__Exercise goal__.
The reply must contain exactly the lines below from the one with "2026.6.6(SAT)-2026.6.7(SUN) 静岡県 富士山こどもの国" down to the one with "Photos can be", both included, and nothing more; please omit the pictures.

__Provided records__.
-- -- --

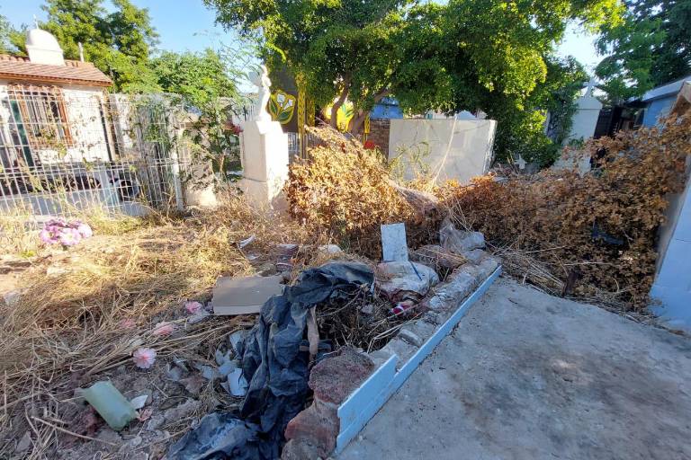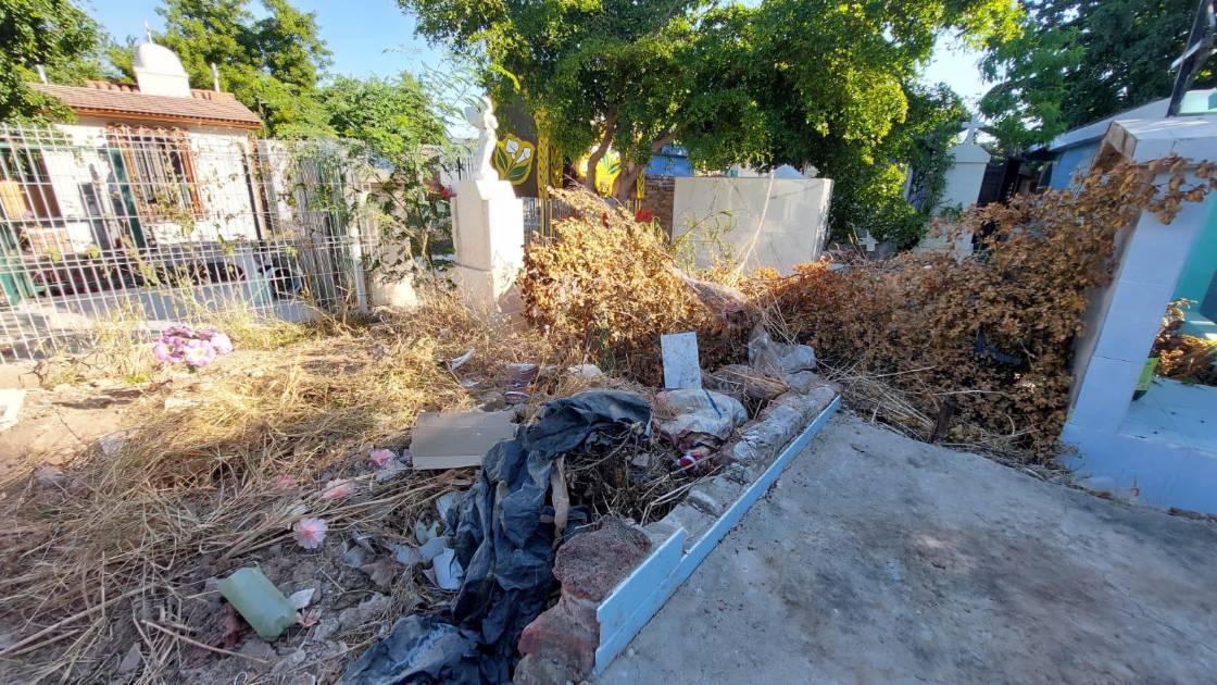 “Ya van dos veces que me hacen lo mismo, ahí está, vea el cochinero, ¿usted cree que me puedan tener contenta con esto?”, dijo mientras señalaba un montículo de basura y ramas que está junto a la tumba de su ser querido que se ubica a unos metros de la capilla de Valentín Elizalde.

-- -- --

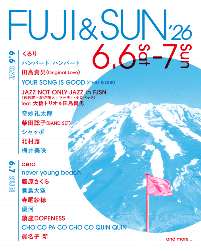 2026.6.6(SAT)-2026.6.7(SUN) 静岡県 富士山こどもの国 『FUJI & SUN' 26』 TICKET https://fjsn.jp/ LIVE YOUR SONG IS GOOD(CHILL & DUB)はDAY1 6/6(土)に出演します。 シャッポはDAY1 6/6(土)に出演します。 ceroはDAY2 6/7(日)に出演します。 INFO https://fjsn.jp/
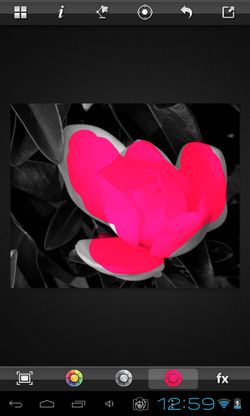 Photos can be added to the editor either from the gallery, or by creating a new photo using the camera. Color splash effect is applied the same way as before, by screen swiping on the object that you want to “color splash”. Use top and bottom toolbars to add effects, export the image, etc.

-- -- --

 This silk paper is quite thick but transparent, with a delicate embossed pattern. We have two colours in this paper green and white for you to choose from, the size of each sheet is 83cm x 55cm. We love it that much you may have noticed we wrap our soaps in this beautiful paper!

-- -- --

__Finished exercise__.
 2026.6.6(SAT)-2026.6.7(SUN) 静岡県 富士山こどもの国 『FUJI & SUN' 26』 TICKET https://fjsn.jp/ LIVE YOUR SONG IS GOOD(CHILL & DUB)はDAY1 6/6(土)に出演します。 シャッポはDAY1 6/6(土)に出演します。 ceroはDAY2 6/7(日)に出演します。 INFO https://fjsn.jp/
 Photos can be added to the editor either from the gallery, or by creating a new photo using the camera. Color splash effect is applied the same way as before, by screen swiping on the object that you want to “color splash”. Use top and bottom toolbars to add effects, export the image, etc.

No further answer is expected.